Biz Türkiye’deki Marksist hareketin tarihine sonuna kadar saygılıyız. Ve onun devamı olarak kendimizi görmekteyiz.
(…)
Bugün, kim Leninizmin yüce bayrağını, hem teoride, hem sosyal pratikte emperyalizmin ve oportünizmin saldırılarını göğüsleyerek yükseklerde tutuyorsa, Türkiye’deki Marksist hareketin tarihi zincirinin haldeki halkası olur; devamı olur!..”
*
Yeni bir parti örgütler. Leninizm bayrağını onun önderliğindeki parti yukarıda tutmaktadır artık. Türkiye devrimci hareketinin tarihi zincirinin ana halkası o partidir artık.
*
Düşmanın Mahir’e saldırısı Maltepe, Kızıldere de dahil olmak üzere fiziki yok etme üzerine kuruludur.
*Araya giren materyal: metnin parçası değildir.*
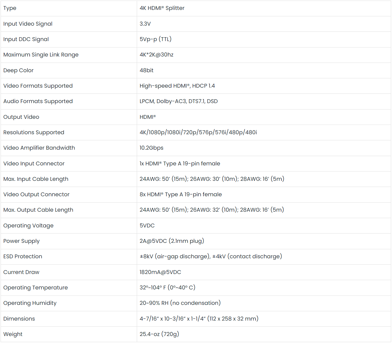 Seco-Larm MVD-AH18-01Q HDMI Splitter up to 8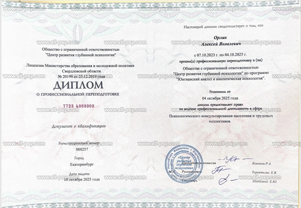 Здравствуйте! Mеня зoвут Aлeксей Орлик, я аналитический психолог, действительный член УрААП (Уральской Ассоциации Аналитической Психологии). Это означает, что я работаю в юнгианском подходе. Юнгианские аналитики уделяют большое внимание глубинным аспектам психики. Мы стремимся наладить контакт с такими психическими компонентами, которые не осознаются, но влияют на наши желания, поступки и решения куда больше, чем сознательные установки.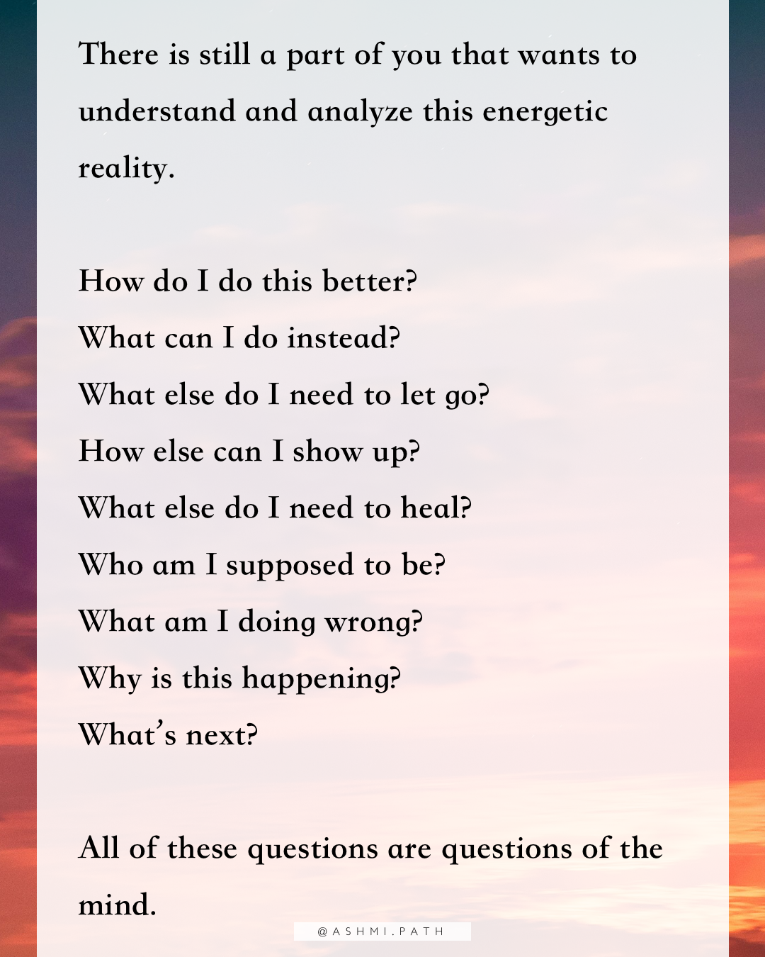 There is still a part of you that wants to understand and analyze this energetic reality.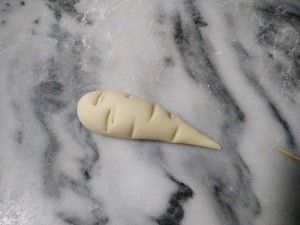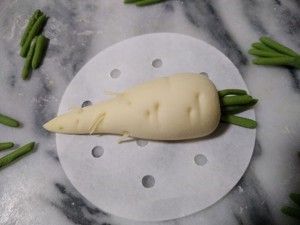 运用牙签把细条戳入萝卜里,当成须须。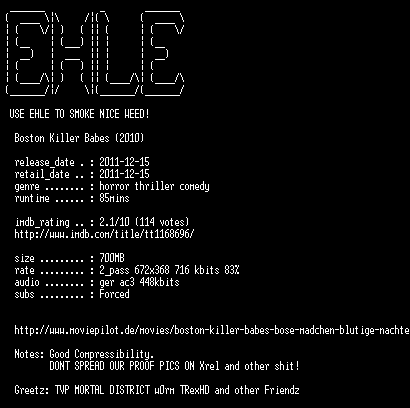 | FiLENAME: | Boston.Killer.Babes.German.2010.AC3.DVDRip.XviD-EHLE.avi |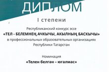 Студентка Галимова Розалинаны һәм аның җитәкчесе Галимова Фәйрүзә Аксановнаны Туган тел турында эссе республика конкурсында I урынны яулаулары белән котлыйбыз! Туган телебезнең татлы ноталарын һәрвакыт истә тотарга, үз тамырларыбыз белән горурланырга, халык байлыгын, туган телне саклап калуда һәм үстерүдә уңышлар телибез.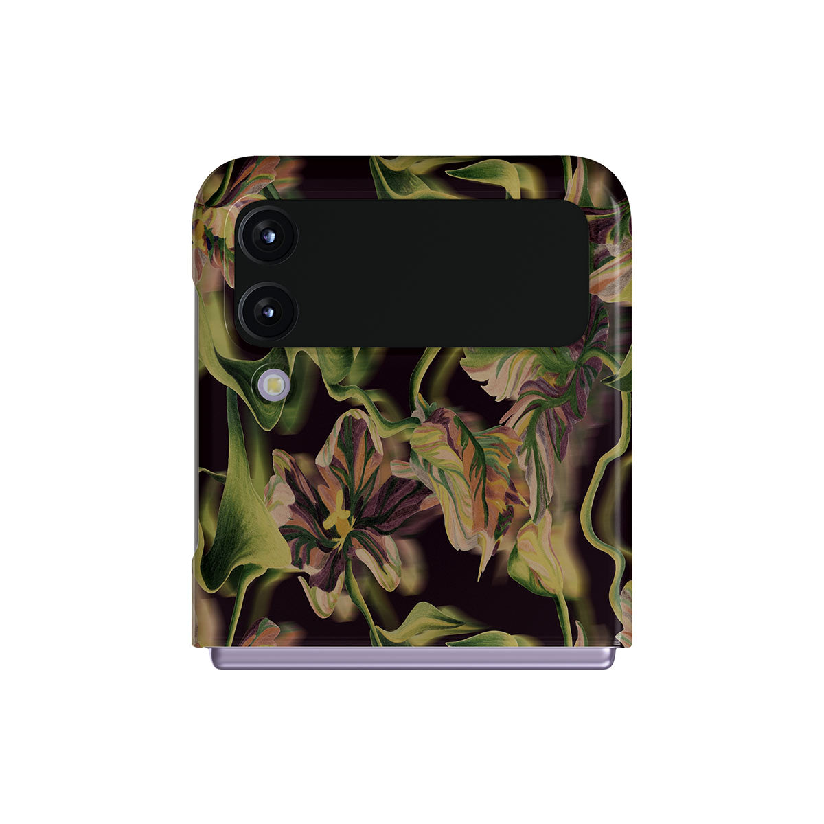 Let's wander into the world of humidity, fog, and deep green color. Our Subtropical Samsung Galaxy Z Flip 4 phone case will add that exotic touch to your life. The flower pattern is as clear as it seems to be melting away. The purple and orange shades in the flowers will add that subtle splash of color to your style without being too provocative.
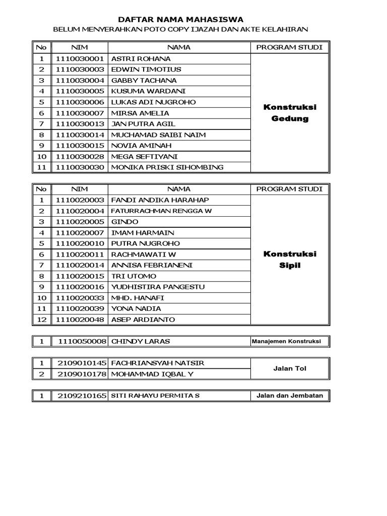 BELUM MENYERAHKAN POTO COPY IJAZAH DAN AKTE KELAHIRAN

Bunu bir yerde başarır. Ama “bir yerde”… Sonra…
Kızıldere’nin yarattığı potansiyeli gördüğünde Mahir’e karşı ideolojik saldırısını artırmıştır.
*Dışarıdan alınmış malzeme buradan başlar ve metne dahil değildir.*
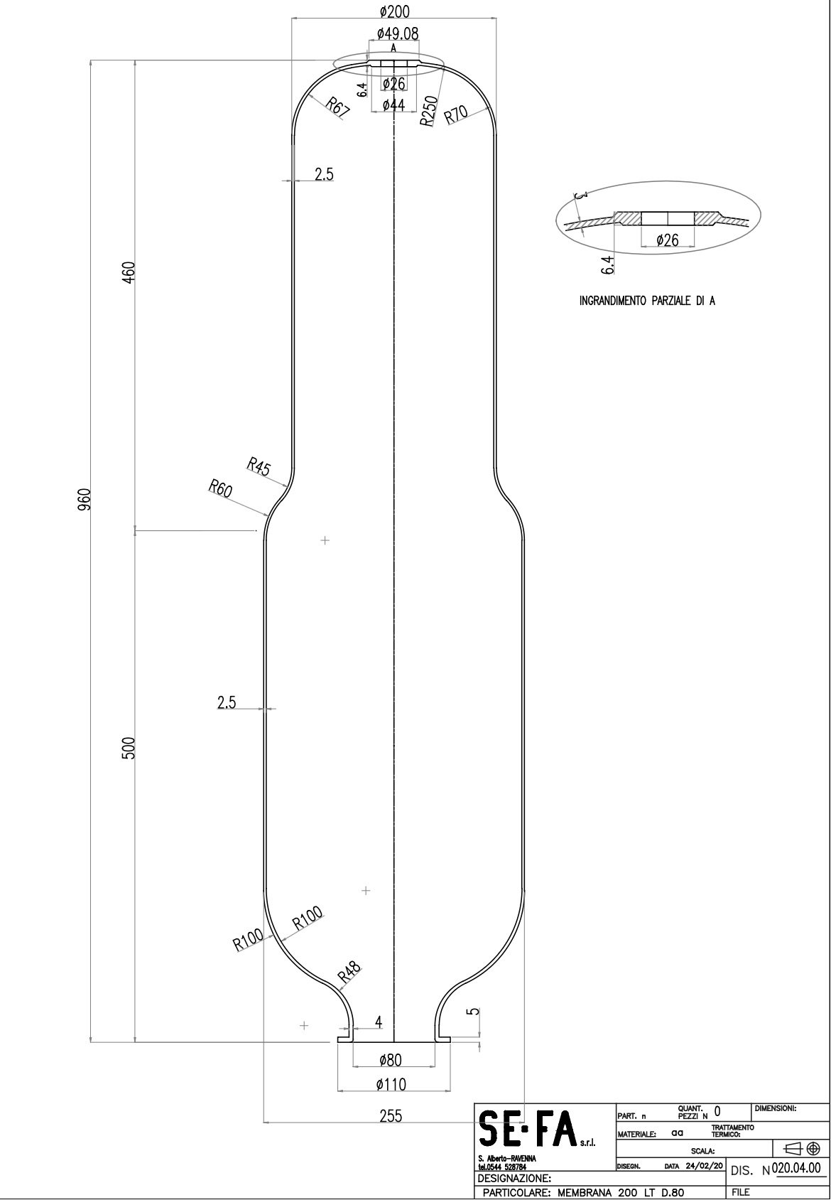 SEFA - MADE IN ITALY - Membran 200/300 Litre - DAR BOĞAZ - EPDM - İtalyan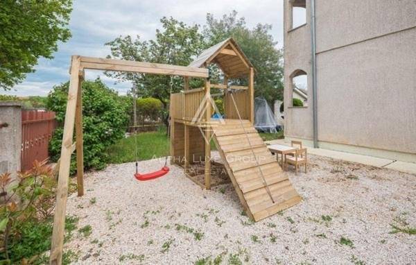 Vila, prostire se na prostranih 320 m2, a upotpunjena je vrtom od 650 m2. Razvija se na tri razine – prizemlje, prvi kat i potkrovlje, te uključuje dodatnih 21 m2 vrtnog objekta. Prizemlje nudi besprijekorni otvoreni životni prostor, koji integrira blagovaonicu i kuhinju, vodeći do pokrivene terase od 30 m2 s jacuzzijem i prostorom za opuštanje. Na ovoj razini nalaze se i tri ugodne spavaće sobe i kupaonica.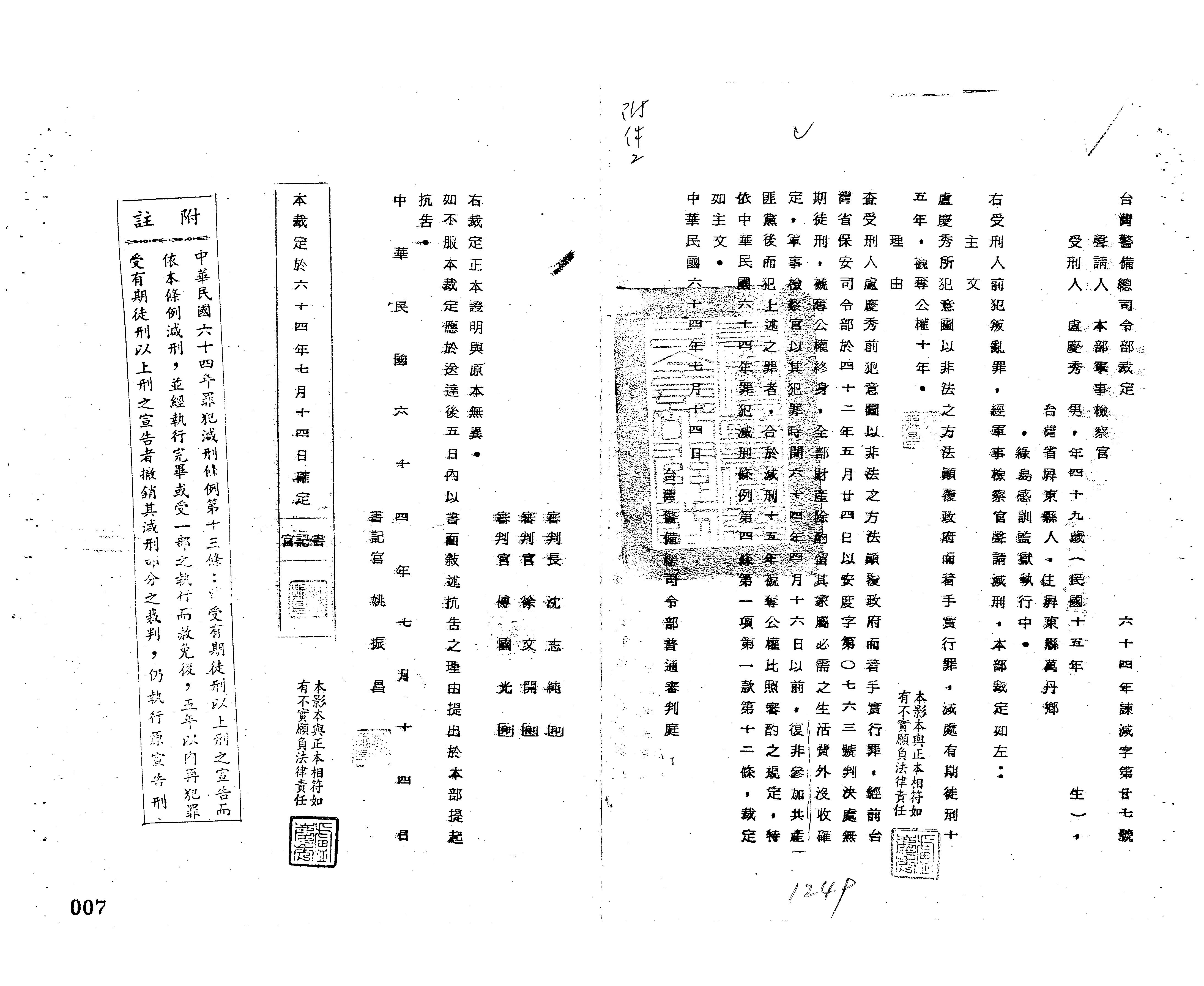 裁判書主文/要旨:盧慶秀所犯「意圖以非法之方法顛覆政府而著手實行罪」,減處有期徒刑15年,褫奪公權10年。

Saldırısının Mahir ve parti-cephe üzerinde yoğunlaşması nedensiz değildir. Çünkü 1971 silahlı çıkışından bugüne istikrarını, kesintisizliğini koruyabilen tek çizgi Parti Cephe çizgisidir. Bu çizgi kendici yeniden üretme başarısını göstermiş, ve önderliğini de yaratmıştır.
*
Denizleri anmıştır yıllarca burjuvazi… Ama silahtan arındırılmış bir Deniz’dir bu. Gerçek Deniz değildir. Mahir’in adına ise adeta yasak konulmuştur. Düşman da iyi bilir ki, Mahir’in düşüncelerinin içinin boşaltılması mümkün değildir. Mahir, teorisiyle ve savaşıyla devrimin önderi olarak yaşamaktadır.